国境ゲートはいまだに閉鎖されているため、サムチとプンツォリンを結ぶ58㎞の国内道路は、サムチとチュカの両県の人々にとって、主要な経済ライフラインとなった。しかし、このハイウェイ、その中でも特にサムチタウンからウェゼルガン方面への約25㎞の区間は、悲惨な状況だ。この道路はドロカ郡とサムチ県内の他地域をつなぐ道路にもなっている。

この道路を日々利用する人々は、多くのくぼみから歓迎を受ける。モンスーンはこの区間の舗装のほとんどを剥がし、さらに最近の大雨で道路が部分的に冠水した。

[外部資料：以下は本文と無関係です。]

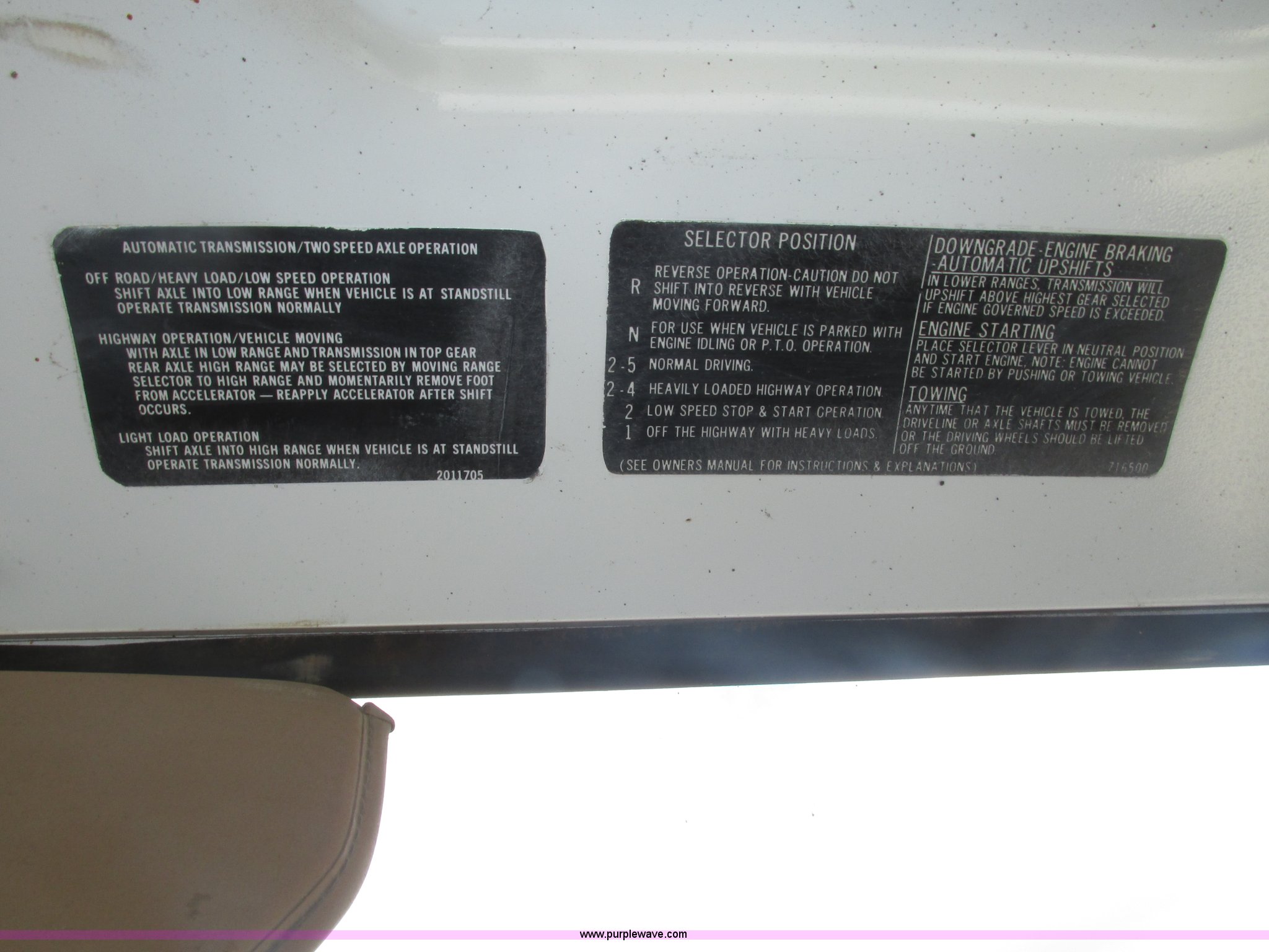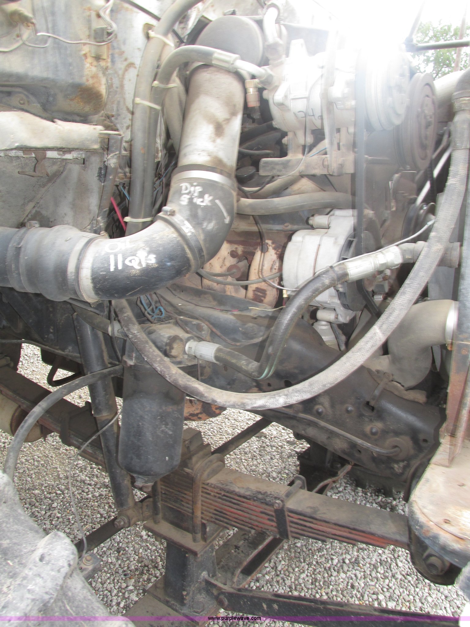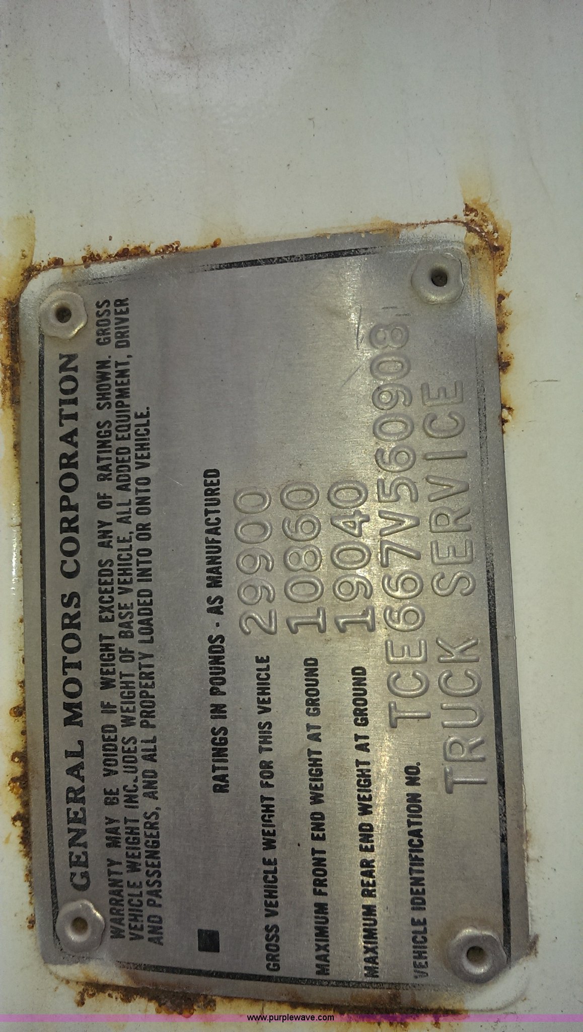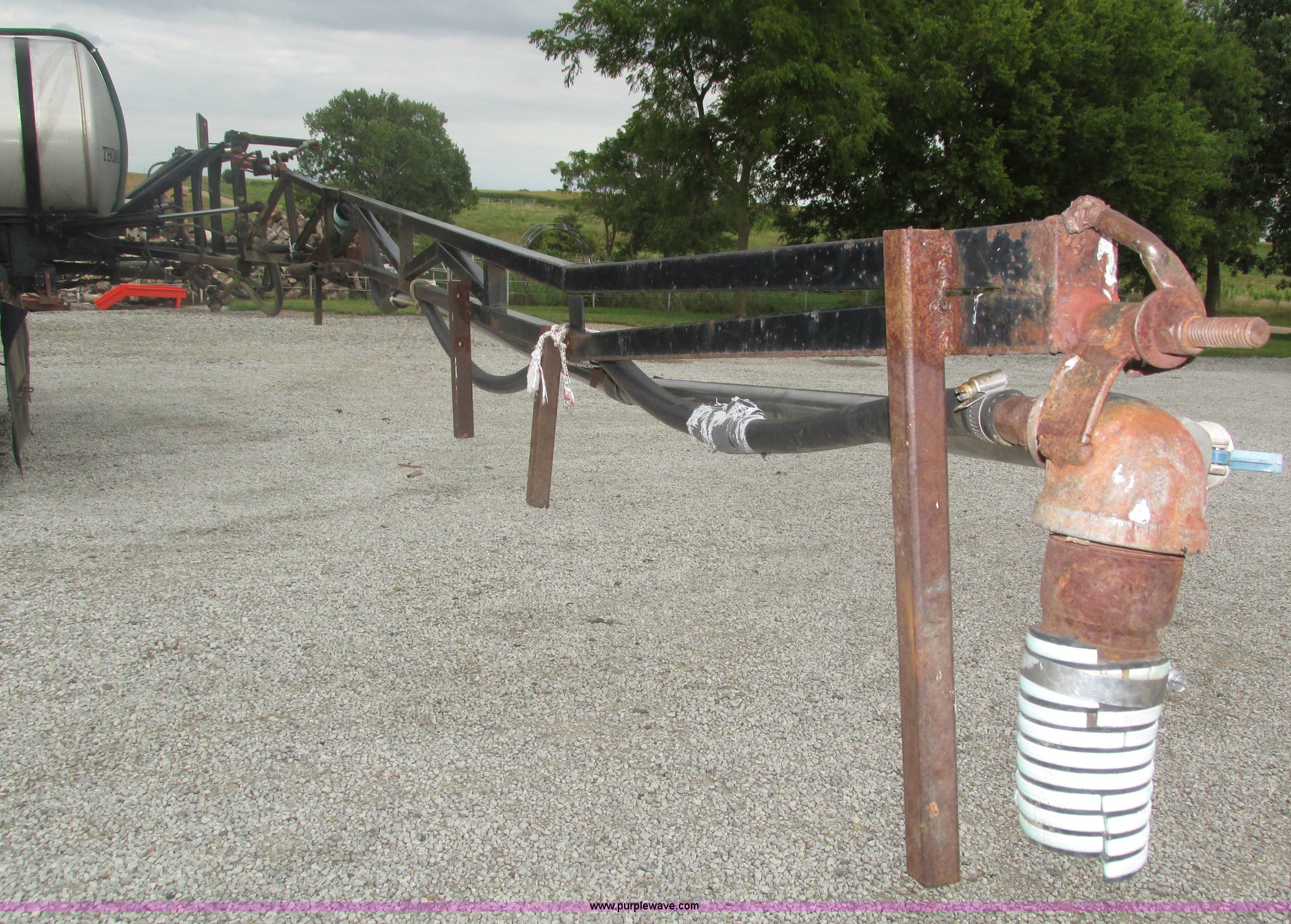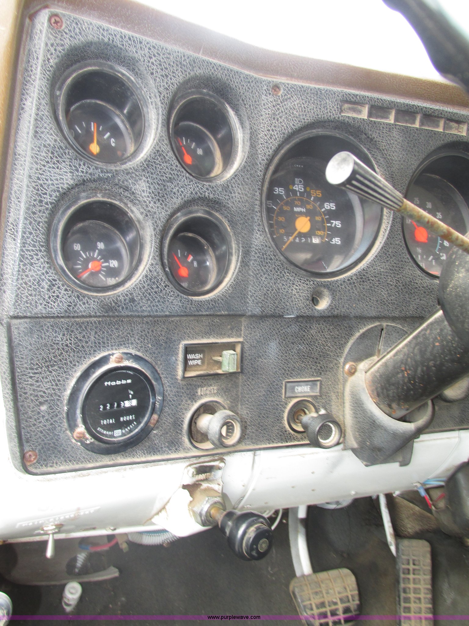 Purple Wave is selling a used Applicator Truck in Nebraska. This item is a GMC Sierra applicator truck with the following: 55,422 miles on odometer, 2,276 hours on meter, 427 C.I.D. V8 gas engine, Allison automatic transmission, 5F-1R gears, AC and heat, Mark IV roof mounted AC, Suspension seat, 1,200 gallon stainless steel solution tank, Five gallon rinse tank, 60'W boom, (5) sections, Break-away boom, Hydraulic boom fold, 30" nozzle spacing, Assorted TeeJet and Banjo nozzles and assorted fittings, 54 gallon foamer, Dual 50 gallon aluminum fuel tanks, Air brakes, 48x25.00-20 front flotation tires, 66x43.00-25 rear flotation tires, Product pump rebuilt two years ago

コロナ禍からの緩和措置を受けて、このハイウェイ沿いの交通量は大きく増えた。毎日300~500台の車両が往来する。雨期がピークを迎え、いつもこの道路を使っている通行人はさらに路面状況が悪化するとみている。

「ゲートが開いていれば、私たちはインド側の道路で移動したでしょう。でも、今はこの国内道路を通る他に方法がありません。ホント悲しい状況です」——こう述べるのは、サムチ県のタクシー運転手サンタ・バハドゥル。パクリンさん。この路面状況のせいで、タクシーの維持費がかさむと嘆く。「タクシーを買うのに、額に汗して働いて、ようやく貯めたお金を使ったのに、道路状況が酷いせいで、機械トラブルにたびたび見舞われます。」

このハイウェイのことを良く知る他の人々も、同様の苦境を訴える。「道路のくぼみは雨が続くと水たまりになります。そこを通過しようとすると、車が制御不能になって、横滑りに近い状態になります。こんな酷い道路を通行するのが本当に嫌になって来ます。関係機関が早く道路の修復を行ってほしいものです」——サムチの別のタクシー運転手、テク・バハドゥル・スベディさんはこう述べる。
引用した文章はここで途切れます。